Stating that he would soon be filing a second appeal in the matter with the Central Information Commission, Nayak also told the Deccan Herald that cutting off funds to the NGOs and now asking those very NGOs to help fight the pandemic was quite audacious.

Also read: The Government Has Conducted a Surgical Strike on India’s Voluntary Sector

“The NITI Ayog is also holding online meetings with around 1,000 NGOs to help fight the pandemic on the one hand while severely impeding their ability to attract funds from abroad to deliver in areas where the government’s reach is minimal if non-existent. It is also quite audacious for them to ask NGOs what they have done to fight the pandemic and mitigate the suffering of people like they did last year while trying to cut the flow of funds to such organisations,” he said.

Amendments restrained NGOs, empowered authorities

Meanwhile, some NGOs have approached the Delhi and Guwahati High Courts against the amendments. These key elements of these amendments were that they prohibited transfer of foreign contributions by stating that foreign funders can no longer continue the common practice of providing one large grant to an Indian charity with the expectation that it will re-grant the funds to smaller, local charities.

The amendments also provided that any organization seeking registration under FCRA (either prior permission or renewal) must provide identification information for key functionaries. It also lowered the limit on use of foreign contributions for administrative expenses from 50% earlier to 20%.

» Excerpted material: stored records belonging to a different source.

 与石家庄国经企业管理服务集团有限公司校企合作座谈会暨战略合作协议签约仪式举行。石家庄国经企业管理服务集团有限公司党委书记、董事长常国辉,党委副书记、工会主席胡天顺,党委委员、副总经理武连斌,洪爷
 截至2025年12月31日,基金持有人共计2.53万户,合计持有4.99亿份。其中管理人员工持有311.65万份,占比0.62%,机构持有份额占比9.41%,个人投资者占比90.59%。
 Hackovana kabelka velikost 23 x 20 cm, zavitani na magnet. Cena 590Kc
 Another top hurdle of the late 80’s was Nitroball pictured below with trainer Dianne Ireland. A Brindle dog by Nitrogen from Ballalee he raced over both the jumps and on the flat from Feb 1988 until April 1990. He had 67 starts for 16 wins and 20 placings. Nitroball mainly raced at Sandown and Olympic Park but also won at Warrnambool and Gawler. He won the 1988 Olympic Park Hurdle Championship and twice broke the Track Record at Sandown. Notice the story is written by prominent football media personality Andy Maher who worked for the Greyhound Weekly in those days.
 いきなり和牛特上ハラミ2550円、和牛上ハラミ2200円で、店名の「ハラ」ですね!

Another change was that the amendments made it mandatory for recipients of foreign funds to deposit them in a designated FCRA account maintained with the State Bank of India. Also, the new law required that all charities who intend to receive foreign funds will need to open a new FCRA account with a specified bank branch.

The law had also given greater powers to the authorities to take actions related to non-compliance by empowering them to “freeze” the organisation’s remaining foreign funds pending completion of an investigation or by suspending the organisation’s registration for up to one year.